Data for processing
--------------------
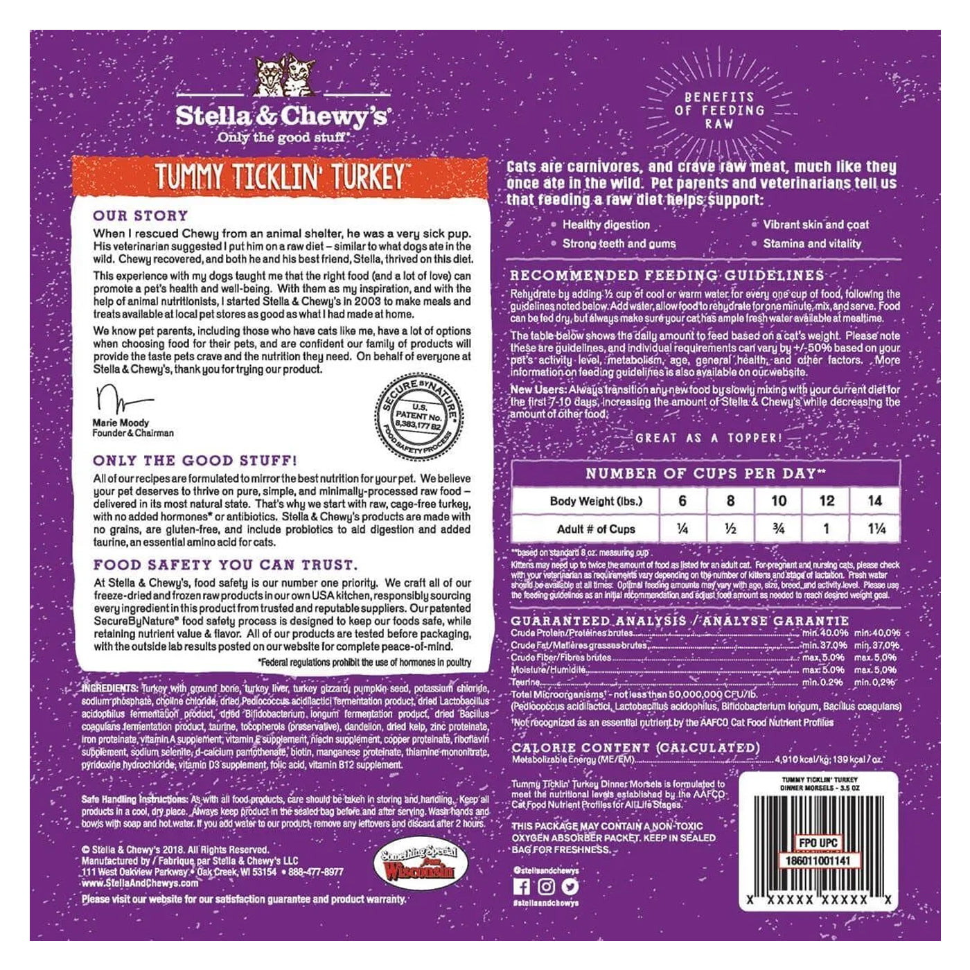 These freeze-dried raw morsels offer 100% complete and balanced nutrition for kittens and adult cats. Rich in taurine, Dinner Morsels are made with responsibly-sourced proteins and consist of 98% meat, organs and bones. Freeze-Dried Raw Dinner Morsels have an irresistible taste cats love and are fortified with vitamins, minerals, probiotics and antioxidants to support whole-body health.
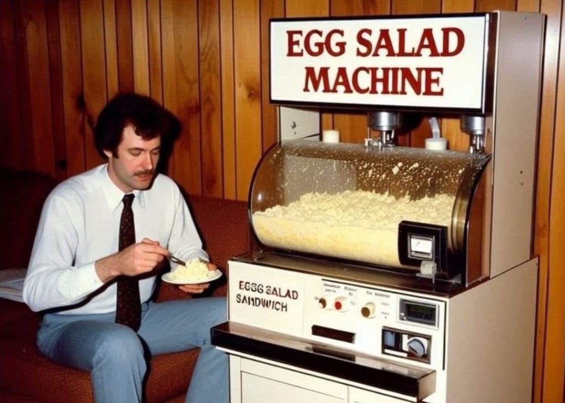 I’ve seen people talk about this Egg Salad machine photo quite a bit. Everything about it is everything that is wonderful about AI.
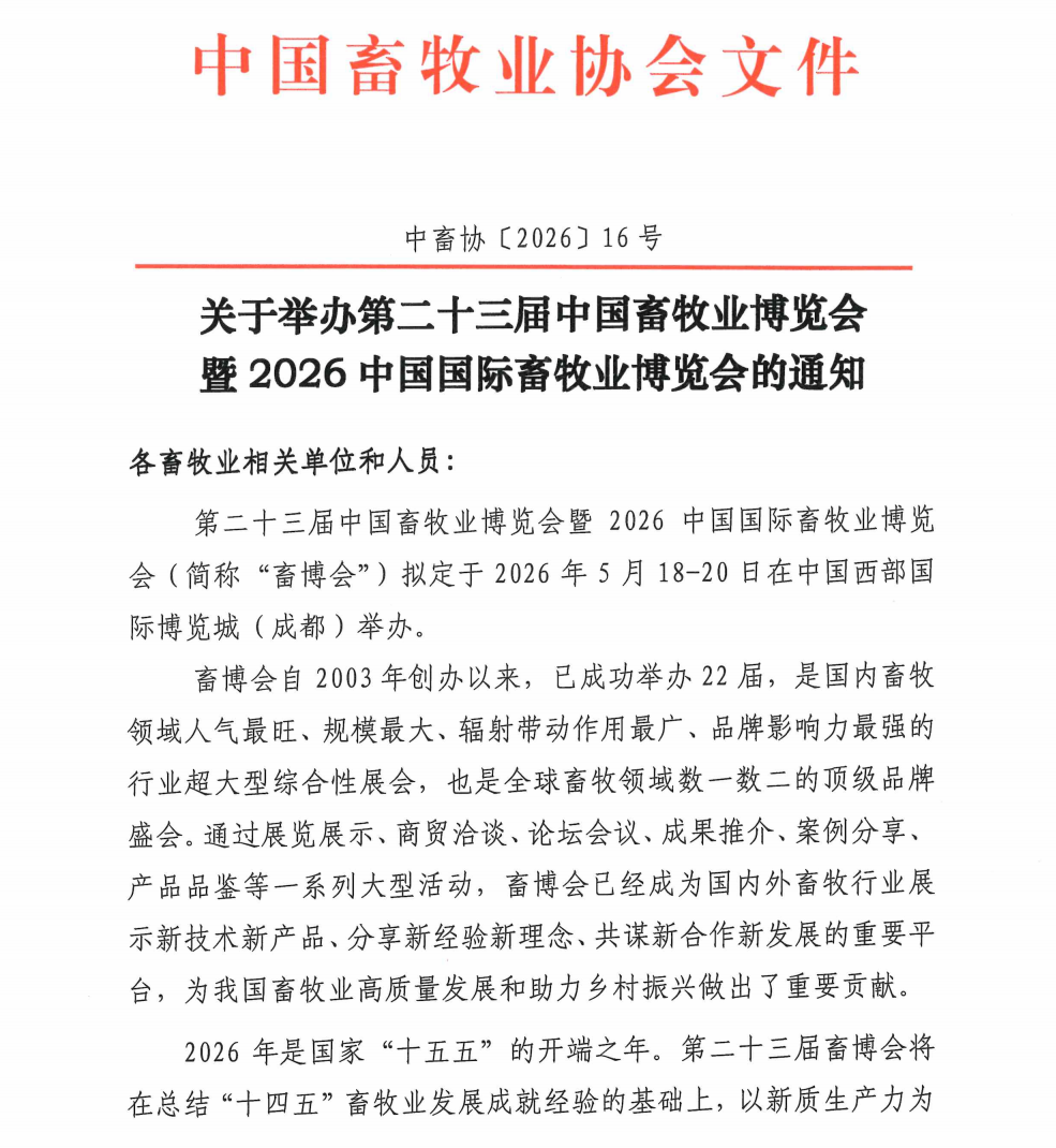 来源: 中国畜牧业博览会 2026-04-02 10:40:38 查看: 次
--------------------
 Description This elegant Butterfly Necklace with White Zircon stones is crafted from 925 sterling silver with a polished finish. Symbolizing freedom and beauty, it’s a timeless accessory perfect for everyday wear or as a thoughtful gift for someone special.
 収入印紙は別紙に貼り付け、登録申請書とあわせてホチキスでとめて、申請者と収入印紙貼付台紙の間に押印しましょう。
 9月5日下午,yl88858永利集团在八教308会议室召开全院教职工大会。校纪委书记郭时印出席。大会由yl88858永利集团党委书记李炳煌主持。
--------------------
Word for word, restate the lines above from the one with "I’ve seen people" through the one with "来源: 中国畜牧业博览会 2026-04-02 10:40:38 查看: 次", keeping both ends and dropping the pictures.

Solution to this task
 I’ve seen people talk about this Egg Salad machine photo quite a bit. Everything about it is everything that is wonderful about AI.
 来源: 中国畜牧业博览会 2026-04-02 10:40:38 查看: 次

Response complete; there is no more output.